Kléber Formiga Miranda

Data de Publicação

25 de outubro de 2021

A moderna teoria de finanças se iniciou nos anos 50 com marcos de inovação nas pesquisas voltadas a compreender os efeitos das decisões no equilíbrio do mercado. Nos anos precedentes, os assuntos de finanças tratavam, essencialmente, de definir como os gestores deveriam tomar decisões com base em custo ótimo de capital, política de dividendos, dentre outros. Com a emergência das pesquisas denominadas positivas, as finanças passaram a ser abordadas sob vários aspectos, cujos resultados ampliaram o entendimento das implicações práticas das tomadas de decisão. Esses aspectos, assim como as motivações e implicações de seu surgimento são discutidos sob prismas convergentes (mas não totalmente semelhantes) por Jensen e Smith Jr. (1984) e por Miller (1999). Ambos são objetos dessa resenha. Tratam do momento de trade-off entre os aspectos normativo e positivo das finanças, além de discorrem sobre a construção lógica para a construção de cada teoria abordada.

A revisão do desenvolvimento da teoria moderna das finanças apresentada por (Jensen & Smith Jr., 1984) se desenvolve fazendo um contraponto da teoria positiva com o que denominou de teoria normativamente orientada (normatively oriented) para demonstrar a fragilidade da teoria de finanças até então difundida (década de 50). Na discussão proposta por (Miller, 1999), a proposta é a mesma sendo definidos os contrapontos entre as abordagens business school (normativa) e economic department (positiva). Assim, enquanto o primeiro traça uma revisão de literatura sobre a teoria de finanças, o segundo se desprende da obrigação de um survey abrangente e escolhe os temas considerados relevantes pelo autor. Ambos apontam para a abordagem positiva como melhor para o processo decisório. Para Jensen e Smith Jr. (1984), não é possível decidir qual ação tomar e esperar atender seu objetivo se não se sabe o efeito da decisão.

A discussão entre abordagem normativa e positiva em finanças é intrigante, pois durante o desenvolvimento teórico houveram divergências quanto a essa classificação. O trabalho de Markowitz sobre a teoria das carteiras, em 1952, foi considerado por Milton Friedman (economista da escola de Chicago, influente em vários campos de pesquisa em sua área) como não pertencente ao departamento de economia, dado seu aspecto normativo.

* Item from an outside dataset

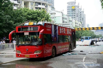 新华网消息15日上午11时左右,南宁一辆双层公交车行驶至竹溪大道青竹立交桥底时,与桥架限高防控架相刮,造成双层公交车顶脱落,导致公交车上乘客28人受伤。

Entretanto, sua tese fora defendida no departamento de economia (Miller, 1999). Markowitz, identificou o rendimento esperado de um investimento com base na sua média e variância, cujo resultado permite ao tomador de decisão escolher o melhor investimento. De acordo com o algoritmo de média-variância de Markowitz define-se um conjunto eficiente de portfólios como aquele que fornece um máximo de retorno para uma dada variância e um mínimo de variância para um retorno esperado (Jensen & Smith Jr., 1984).

O retorno esperado obtido por meio da proposta de Markowitz apresenta fragilidades importantes, essencialmente quanto ao fato de não fornecer um portfólio ótimo, pois se os inputs do modelo são os mesmos, todos os investidores tenderão a possuir o mesmo portfólio (Miller, 1999). Com base na abordagem normativa de Markowitz, as pesquisas individuais de Treynor, Sharpe e Lintner criaram uma teoria positiva para a determinação dos preços dos ativos. O fato de o modelo de Markowitz assumir variáveis fixas foi resolvido por meio da incorporação da análise da covariância entre o retorno da empresa alvo com o retorno de todos os ativos. A partir do momento em que um número crescente de investidores passaram a investir em índices de fundos, o risco de mercado passou a ser definido abrindo espaço para definição do retorno do mercado. Dessa metodologia surgiu a medida de risco conhecida e utilizada até a atualidade: o Beta (Jensen & Smith Jr., 1984; Miller, 1999).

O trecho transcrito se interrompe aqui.